Task objective »
Your task is to copy the stretch of lines in the records below that begins with the line containing "有舞蹈自然也会有语言类节目,技术部和市场" and ends with the line containing "Elegant tall white", exactly as written, with nothing added.

Data items:
----
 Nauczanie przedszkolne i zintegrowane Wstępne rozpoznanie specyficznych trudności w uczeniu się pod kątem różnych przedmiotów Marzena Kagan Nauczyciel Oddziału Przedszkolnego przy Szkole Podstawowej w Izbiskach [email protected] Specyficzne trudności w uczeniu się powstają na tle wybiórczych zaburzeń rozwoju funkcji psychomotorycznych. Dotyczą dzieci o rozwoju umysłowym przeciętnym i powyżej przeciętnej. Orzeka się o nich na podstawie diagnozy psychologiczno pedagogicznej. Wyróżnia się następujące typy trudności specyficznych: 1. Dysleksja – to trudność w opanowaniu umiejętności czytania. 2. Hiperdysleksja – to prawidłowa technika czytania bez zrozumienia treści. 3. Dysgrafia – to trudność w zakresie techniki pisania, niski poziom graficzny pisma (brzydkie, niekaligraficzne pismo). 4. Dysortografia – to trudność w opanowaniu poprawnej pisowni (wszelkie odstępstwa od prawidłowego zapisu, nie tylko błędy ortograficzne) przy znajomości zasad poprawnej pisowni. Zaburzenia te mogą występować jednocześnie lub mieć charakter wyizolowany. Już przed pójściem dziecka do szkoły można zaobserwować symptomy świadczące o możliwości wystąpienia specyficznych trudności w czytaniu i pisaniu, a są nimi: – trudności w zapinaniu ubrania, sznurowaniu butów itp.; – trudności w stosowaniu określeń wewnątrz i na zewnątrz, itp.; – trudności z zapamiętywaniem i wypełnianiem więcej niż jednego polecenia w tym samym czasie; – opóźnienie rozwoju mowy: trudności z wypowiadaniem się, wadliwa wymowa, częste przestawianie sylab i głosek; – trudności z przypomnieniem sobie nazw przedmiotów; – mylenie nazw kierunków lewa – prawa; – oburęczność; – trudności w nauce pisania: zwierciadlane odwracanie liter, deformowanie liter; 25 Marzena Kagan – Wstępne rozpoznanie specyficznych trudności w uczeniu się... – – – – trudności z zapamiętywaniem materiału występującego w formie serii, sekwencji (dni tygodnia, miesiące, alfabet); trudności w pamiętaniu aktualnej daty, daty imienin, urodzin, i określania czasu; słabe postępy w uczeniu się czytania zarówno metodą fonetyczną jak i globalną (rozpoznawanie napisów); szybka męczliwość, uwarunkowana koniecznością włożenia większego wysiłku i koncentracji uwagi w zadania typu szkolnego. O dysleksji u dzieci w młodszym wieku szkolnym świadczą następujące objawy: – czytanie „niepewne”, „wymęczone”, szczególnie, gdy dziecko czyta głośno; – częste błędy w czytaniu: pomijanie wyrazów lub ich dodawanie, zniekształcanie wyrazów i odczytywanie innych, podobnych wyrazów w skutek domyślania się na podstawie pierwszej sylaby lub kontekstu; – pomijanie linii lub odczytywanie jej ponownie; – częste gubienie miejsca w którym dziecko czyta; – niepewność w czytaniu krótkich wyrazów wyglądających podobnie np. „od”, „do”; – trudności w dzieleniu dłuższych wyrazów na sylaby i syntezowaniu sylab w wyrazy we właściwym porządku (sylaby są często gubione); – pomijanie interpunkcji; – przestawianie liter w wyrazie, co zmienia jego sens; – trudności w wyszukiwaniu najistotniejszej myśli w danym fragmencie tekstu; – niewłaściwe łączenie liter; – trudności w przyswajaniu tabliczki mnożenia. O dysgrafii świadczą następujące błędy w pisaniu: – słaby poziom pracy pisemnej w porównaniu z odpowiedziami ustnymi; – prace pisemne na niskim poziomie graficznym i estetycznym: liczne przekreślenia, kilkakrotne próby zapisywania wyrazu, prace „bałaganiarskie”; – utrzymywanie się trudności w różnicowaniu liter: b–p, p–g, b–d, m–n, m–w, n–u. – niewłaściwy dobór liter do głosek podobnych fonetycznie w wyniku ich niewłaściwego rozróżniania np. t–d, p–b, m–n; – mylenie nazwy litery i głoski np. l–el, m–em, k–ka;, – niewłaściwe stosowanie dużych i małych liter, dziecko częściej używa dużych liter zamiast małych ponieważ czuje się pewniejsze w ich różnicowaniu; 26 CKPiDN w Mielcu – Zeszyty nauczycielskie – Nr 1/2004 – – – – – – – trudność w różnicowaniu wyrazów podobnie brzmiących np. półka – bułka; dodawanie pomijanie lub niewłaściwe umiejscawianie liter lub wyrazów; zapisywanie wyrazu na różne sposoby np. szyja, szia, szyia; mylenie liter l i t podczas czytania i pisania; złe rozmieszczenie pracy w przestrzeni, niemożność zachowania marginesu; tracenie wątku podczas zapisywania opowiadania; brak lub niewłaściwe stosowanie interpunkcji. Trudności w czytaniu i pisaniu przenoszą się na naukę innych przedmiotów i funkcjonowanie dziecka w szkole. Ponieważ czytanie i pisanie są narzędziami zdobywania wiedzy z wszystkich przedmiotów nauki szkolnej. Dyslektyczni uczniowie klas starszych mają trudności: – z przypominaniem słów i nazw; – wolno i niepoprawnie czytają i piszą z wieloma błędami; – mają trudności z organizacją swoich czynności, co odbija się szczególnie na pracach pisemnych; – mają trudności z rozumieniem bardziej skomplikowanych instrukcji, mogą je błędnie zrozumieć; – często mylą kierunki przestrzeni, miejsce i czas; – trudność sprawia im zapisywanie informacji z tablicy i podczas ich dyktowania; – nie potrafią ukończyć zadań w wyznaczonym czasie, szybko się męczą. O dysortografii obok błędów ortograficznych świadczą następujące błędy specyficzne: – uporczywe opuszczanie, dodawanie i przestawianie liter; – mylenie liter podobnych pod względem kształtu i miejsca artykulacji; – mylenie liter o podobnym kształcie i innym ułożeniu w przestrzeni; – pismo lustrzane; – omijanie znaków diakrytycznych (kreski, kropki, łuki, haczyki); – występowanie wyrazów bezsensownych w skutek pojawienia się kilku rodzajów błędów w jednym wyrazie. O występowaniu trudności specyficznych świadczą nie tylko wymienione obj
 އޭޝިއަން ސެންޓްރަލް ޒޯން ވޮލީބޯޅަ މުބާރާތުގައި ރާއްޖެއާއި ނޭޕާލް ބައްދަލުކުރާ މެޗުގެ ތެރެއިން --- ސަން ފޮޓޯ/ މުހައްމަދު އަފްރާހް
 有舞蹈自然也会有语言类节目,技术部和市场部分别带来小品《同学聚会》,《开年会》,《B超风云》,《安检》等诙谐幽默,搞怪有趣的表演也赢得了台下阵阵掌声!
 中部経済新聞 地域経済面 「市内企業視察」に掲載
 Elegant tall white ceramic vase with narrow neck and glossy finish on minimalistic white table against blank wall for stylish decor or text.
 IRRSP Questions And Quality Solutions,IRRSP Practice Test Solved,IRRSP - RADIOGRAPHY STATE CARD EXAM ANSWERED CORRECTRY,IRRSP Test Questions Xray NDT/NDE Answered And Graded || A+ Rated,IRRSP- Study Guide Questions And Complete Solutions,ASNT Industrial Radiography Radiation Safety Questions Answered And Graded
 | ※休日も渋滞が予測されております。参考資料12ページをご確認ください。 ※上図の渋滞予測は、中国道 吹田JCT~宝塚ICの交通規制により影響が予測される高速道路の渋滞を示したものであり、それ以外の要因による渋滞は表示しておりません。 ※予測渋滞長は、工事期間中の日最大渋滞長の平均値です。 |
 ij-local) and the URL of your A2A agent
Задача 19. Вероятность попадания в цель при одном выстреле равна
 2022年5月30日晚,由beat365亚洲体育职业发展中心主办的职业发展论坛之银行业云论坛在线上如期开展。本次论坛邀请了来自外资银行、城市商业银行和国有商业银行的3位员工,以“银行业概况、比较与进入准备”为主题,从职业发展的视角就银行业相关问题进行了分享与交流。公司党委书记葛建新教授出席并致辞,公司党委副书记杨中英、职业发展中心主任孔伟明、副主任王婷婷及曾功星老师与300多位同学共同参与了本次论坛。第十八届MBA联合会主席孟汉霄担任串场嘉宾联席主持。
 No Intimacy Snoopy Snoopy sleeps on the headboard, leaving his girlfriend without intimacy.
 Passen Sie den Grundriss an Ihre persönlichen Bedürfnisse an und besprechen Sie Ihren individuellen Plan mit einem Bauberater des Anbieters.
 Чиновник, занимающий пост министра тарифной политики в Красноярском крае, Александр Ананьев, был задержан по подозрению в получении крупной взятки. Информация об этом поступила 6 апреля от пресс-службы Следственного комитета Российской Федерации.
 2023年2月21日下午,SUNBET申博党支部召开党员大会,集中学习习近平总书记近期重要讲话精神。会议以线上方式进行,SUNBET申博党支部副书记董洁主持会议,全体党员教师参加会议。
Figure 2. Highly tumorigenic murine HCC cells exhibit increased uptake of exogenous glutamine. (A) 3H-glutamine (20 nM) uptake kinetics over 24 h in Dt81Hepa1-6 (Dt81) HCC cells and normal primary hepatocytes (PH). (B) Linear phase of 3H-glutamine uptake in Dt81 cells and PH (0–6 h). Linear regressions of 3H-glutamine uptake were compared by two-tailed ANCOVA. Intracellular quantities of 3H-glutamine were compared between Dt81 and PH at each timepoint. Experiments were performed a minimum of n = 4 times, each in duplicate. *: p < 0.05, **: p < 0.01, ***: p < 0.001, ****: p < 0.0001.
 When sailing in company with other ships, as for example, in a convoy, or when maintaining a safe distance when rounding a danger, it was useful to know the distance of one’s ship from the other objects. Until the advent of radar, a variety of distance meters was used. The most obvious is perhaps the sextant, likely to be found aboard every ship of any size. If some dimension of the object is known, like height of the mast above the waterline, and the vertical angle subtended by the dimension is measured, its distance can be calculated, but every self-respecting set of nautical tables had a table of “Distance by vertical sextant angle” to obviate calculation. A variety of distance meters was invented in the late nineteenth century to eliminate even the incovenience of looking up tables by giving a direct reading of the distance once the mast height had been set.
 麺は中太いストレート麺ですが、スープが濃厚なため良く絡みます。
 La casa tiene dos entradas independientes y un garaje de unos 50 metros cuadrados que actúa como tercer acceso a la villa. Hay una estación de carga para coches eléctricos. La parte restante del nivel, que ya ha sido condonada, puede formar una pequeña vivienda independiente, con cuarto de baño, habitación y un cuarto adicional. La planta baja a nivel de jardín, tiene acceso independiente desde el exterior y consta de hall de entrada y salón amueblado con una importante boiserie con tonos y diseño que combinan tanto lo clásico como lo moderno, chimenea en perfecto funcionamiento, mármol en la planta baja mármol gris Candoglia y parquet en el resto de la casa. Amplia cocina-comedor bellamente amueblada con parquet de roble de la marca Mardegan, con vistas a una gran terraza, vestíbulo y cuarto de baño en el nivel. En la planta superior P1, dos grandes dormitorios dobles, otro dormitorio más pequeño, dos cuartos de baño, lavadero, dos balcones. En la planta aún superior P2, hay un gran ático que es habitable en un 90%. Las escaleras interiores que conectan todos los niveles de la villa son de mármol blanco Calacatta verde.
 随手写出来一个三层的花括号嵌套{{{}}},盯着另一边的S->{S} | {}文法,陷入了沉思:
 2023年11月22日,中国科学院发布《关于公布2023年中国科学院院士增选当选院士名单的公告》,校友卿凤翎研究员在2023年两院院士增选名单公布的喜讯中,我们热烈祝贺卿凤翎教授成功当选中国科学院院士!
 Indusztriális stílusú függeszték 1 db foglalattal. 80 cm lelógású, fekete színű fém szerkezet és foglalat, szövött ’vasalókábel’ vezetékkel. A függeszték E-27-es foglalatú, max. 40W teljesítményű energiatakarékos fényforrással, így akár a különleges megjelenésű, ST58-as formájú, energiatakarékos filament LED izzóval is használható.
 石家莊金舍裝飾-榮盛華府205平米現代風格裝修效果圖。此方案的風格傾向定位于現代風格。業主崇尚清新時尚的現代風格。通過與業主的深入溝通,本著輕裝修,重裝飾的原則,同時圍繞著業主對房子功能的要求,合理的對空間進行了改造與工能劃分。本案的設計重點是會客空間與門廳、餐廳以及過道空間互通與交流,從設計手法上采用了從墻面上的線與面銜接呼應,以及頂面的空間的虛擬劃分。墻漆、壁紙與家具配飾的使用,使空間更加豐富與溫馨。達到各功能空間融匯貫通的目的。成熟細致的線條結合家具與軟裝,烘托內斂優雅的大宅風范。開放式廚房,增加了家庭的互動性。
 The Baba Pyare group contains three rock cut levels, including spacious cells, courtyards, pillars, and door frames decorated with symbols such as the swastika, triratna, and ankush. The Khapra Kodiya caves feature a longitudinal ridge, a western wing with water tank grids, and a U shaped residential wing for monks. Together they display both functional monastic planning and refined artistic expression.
----
Output below »
 有舞蹈自然也会有语言类节目,技术部和市场部分别带来小品《同学聚会》,《开年会》,《B超风云》,《安检》等诙谐幽默,搞怪有趣的表演也赢得了台下阵阵掌声!
 中部経済新聞 地域経済面 「市内企業視察」に掲載
 Elegant tall white ceramic vase with narrow neck and glossy finish on minimalistic white table against blank wall for stylish decor or text.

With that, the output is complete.